§ **ACTIVITY**
Reproduce only the lines that begin at the line with "U.s. History: Revolutionary" and run to the end of the entries; omit every picture.

Data items:
= = =
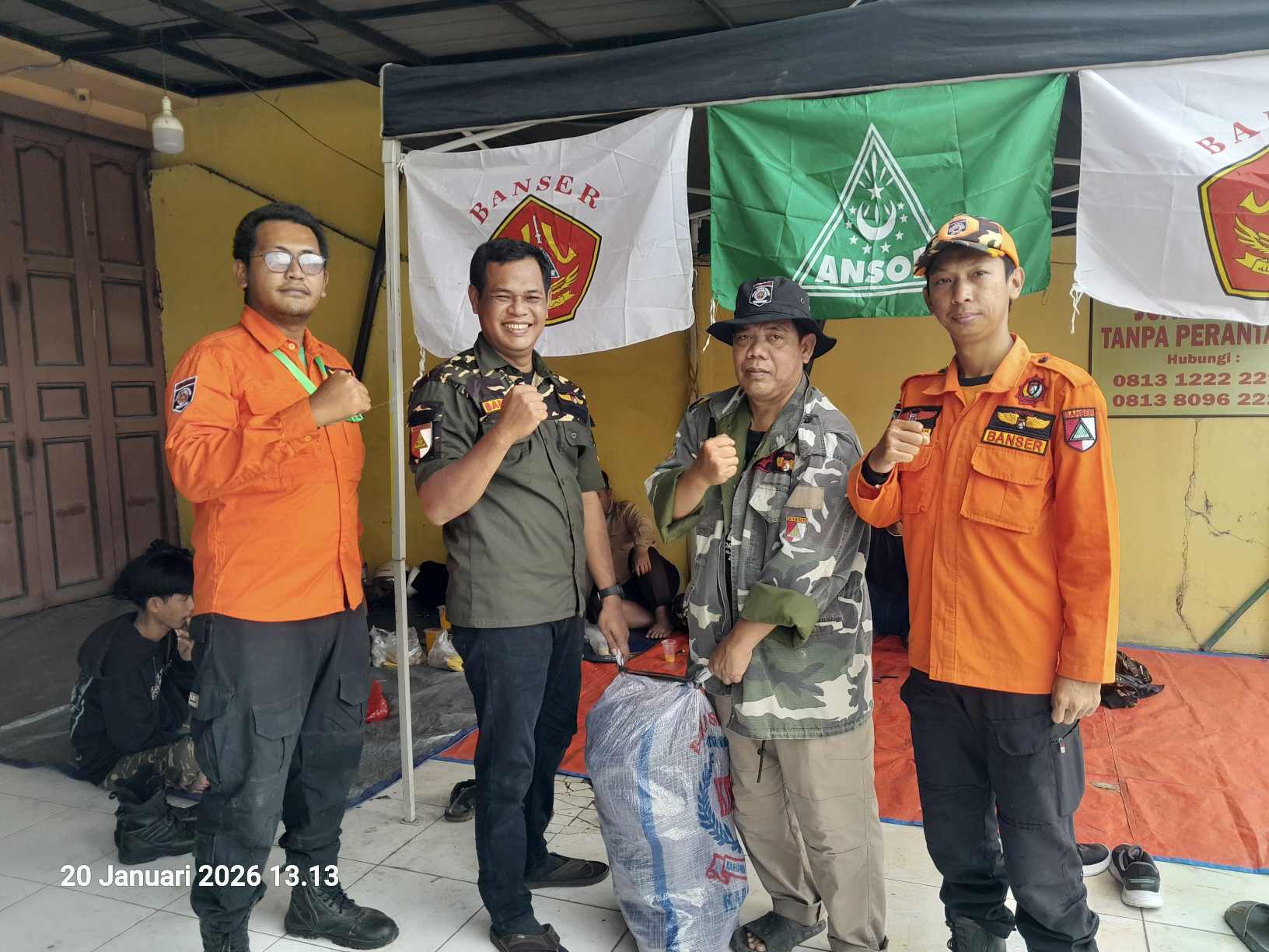 Kabupaten Bekasi, JEJAKHUKUM.net – Bentuk kepedulian sosial, Pengurus Anak Cabang (PAC) Gerakan Pemuda (GP) Ansor Kecamatan Cikarang Utara membuka posko banjir di Jalan Gatot Subroto, Kampung Kali Ulu, Desa Karangraharja, Kecamatan Cikarang Utara, Kabupaten Bekasi. Pada Selasa (20/01/26).
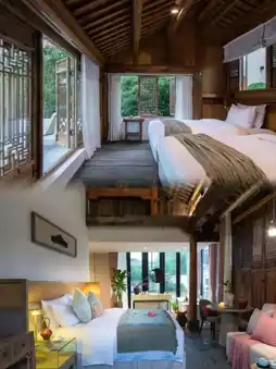 - View: The hotel is surrounded by a maple forest 🌳, next to the inland river flowing 💧, extremely secretive and quiet, is the better view of the south of Xixi 🌄. Walking out of the hotel, you will find the ancient village of Xixinan, with the old house pavilion, the green pavilion and more than 100 ancient buildings from the Ming and Qing Dynasties🏛️, as well as the thousand-year-old ginkgo tree, the century-old osmanthus tree, the rohan tree, etc.
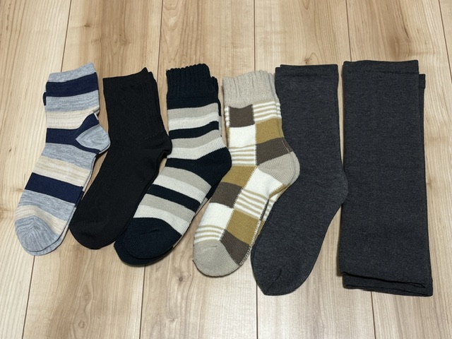 右2点は薄手、中2点は厚手、右2点は裏起毛。末端冷え性の私にはありがたいセットでした!
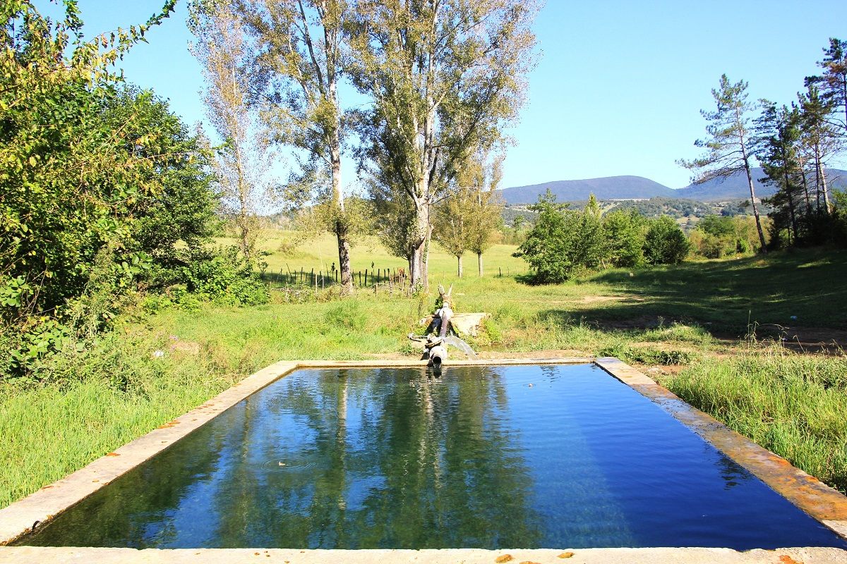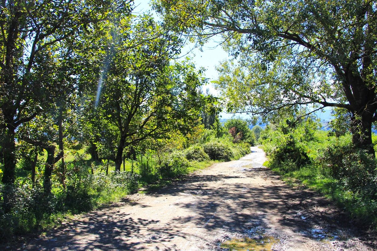 人家の並ぶ細い通りを抜けると、開放感のある露天風呂がありました。何の変哲もない長方形のプールですが、35~36℃の豊富な源泉がかけ流しです。雲ひとつない青空の下で草原や木々を眺めて浸かれます。ジョージアの温泉の印象に新たな1ページを与えてくれる素朴な温泉です。
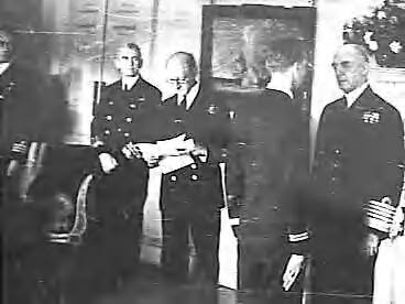 Officieren en manschappen van geallieerde marines gedecoreerd in het Admiralty House. 1 D.S.O, 2 D.S.C.'s en 3 D.S.M.
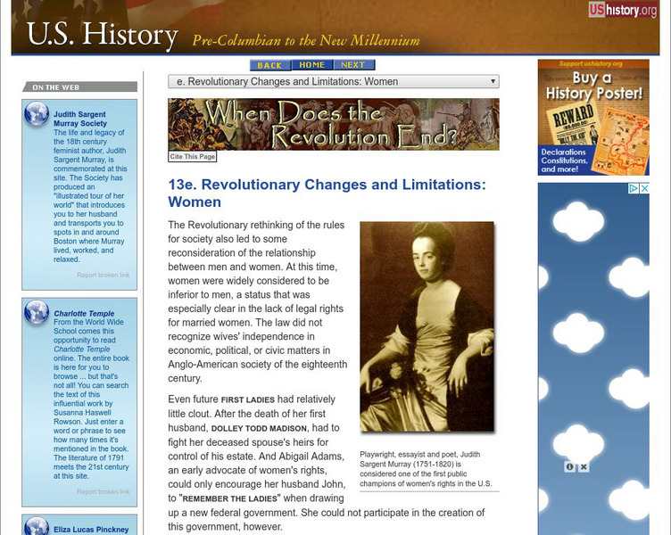 U.s. History: Revolutionary Changes and Limitations: Women
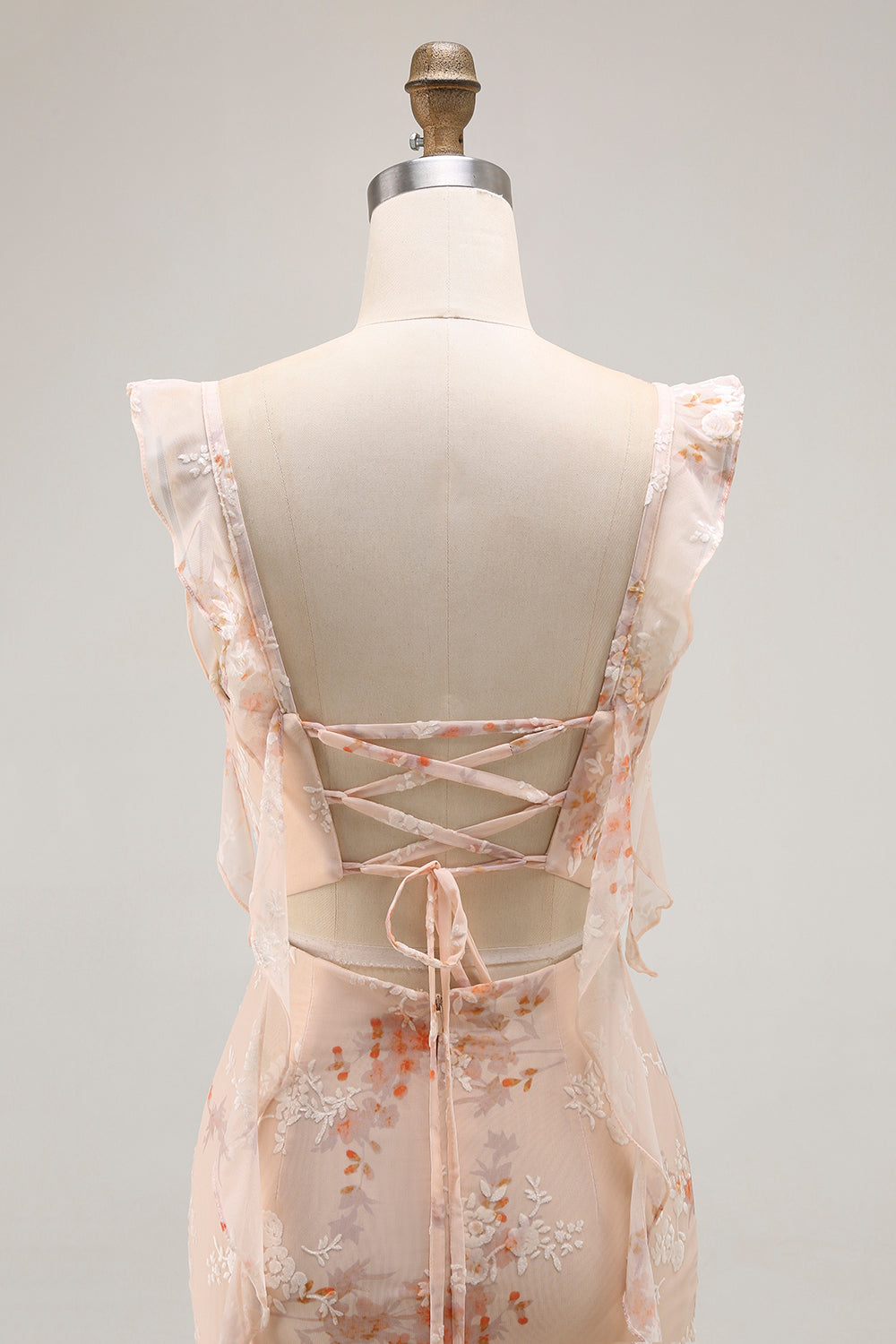Champanhe bainha floral vestido longo da dama de honra com fenda
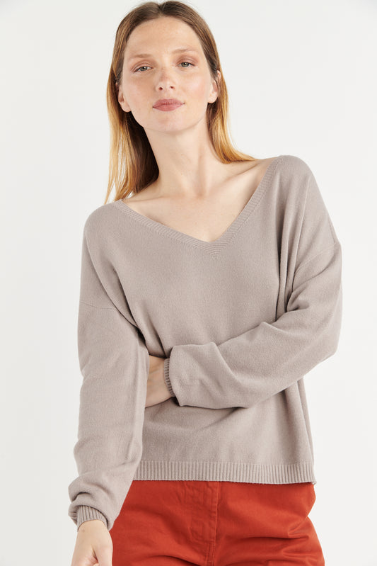PULL COL V BETTINA TAUPE
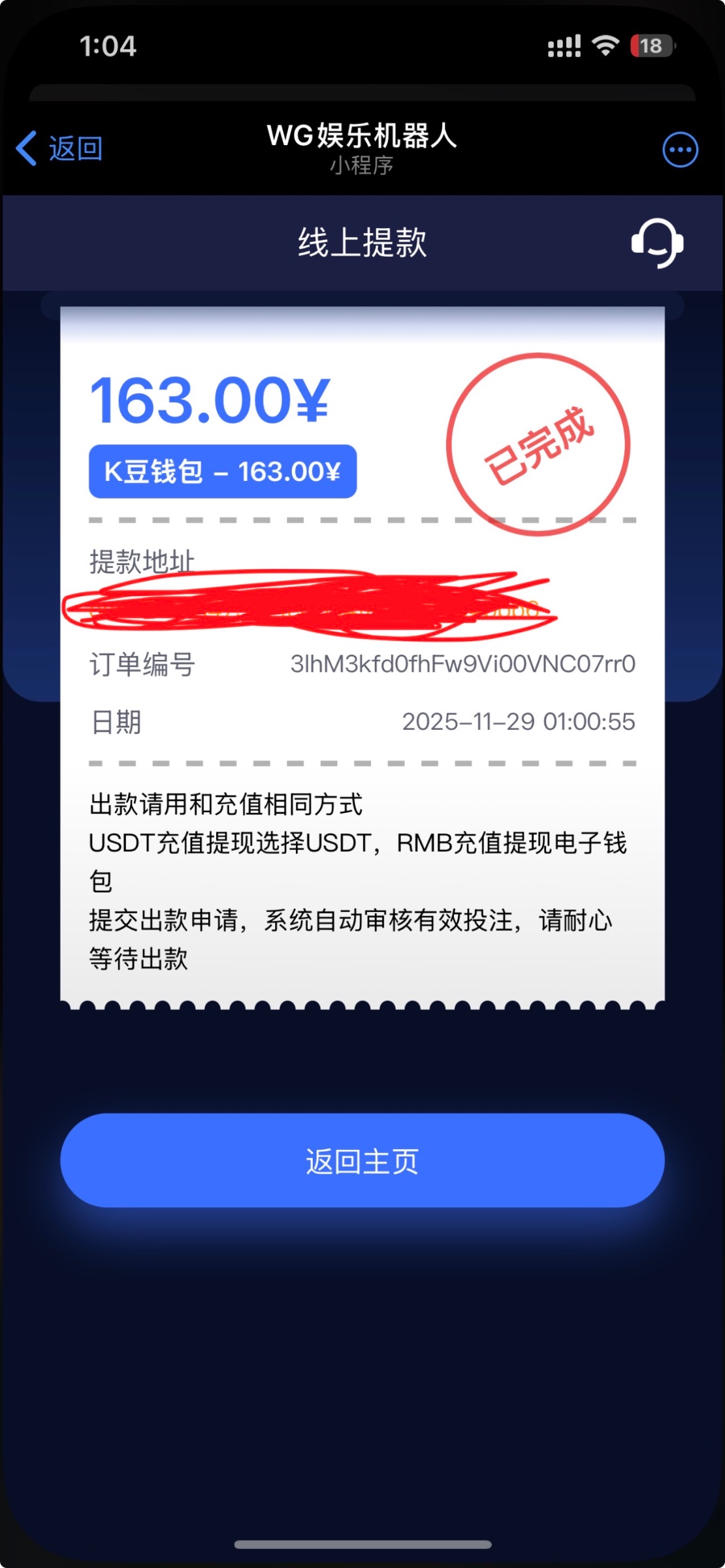 我提款到账了
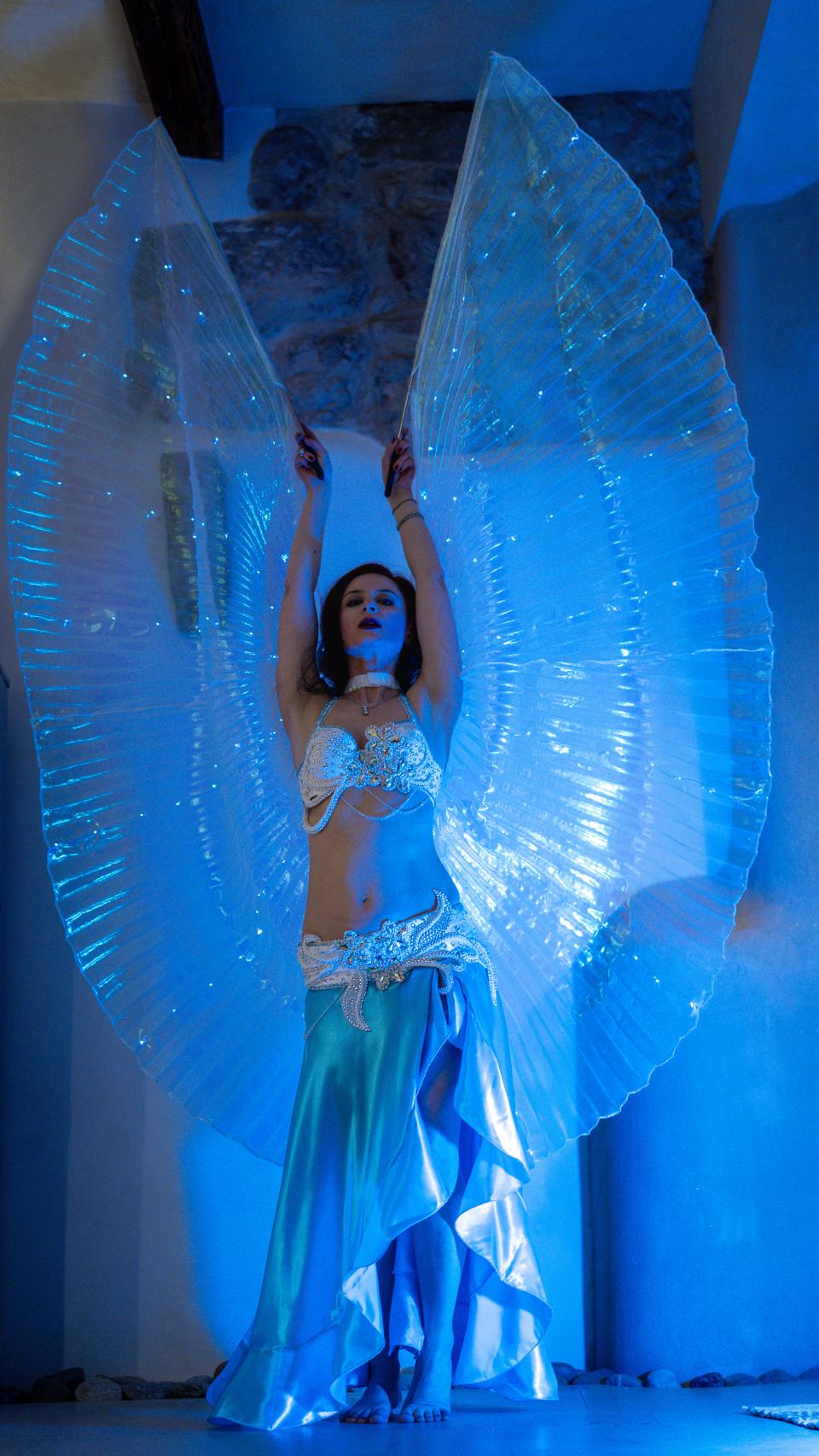 Tanzstile : Klassischer Bauchtanz, Orientalischer Tanz (Raks Sharqi), moderner orientalischer Tanz, Trommelsolo, Saidi, Baladi, Shaabi, Isis-Wings, Schleiertanz.
= = =
§ **SOLVED EXERCISE**
 U.s. History: Revolutionary Changes and Limitations: Women
Champanhe bainha floral vestido longo da dama de honra com fenda
PULL COL V BETTINA TAUPE
 我提款到账了
 Tanzstile : Klassischer Bauchtanz, Orientalischer Tanz (Raks Sharqi), moderner orientalischer Tanz, Trommelsolo, Saidi, Baladi, Shaabi, Isis-Wings, Schleiertanz.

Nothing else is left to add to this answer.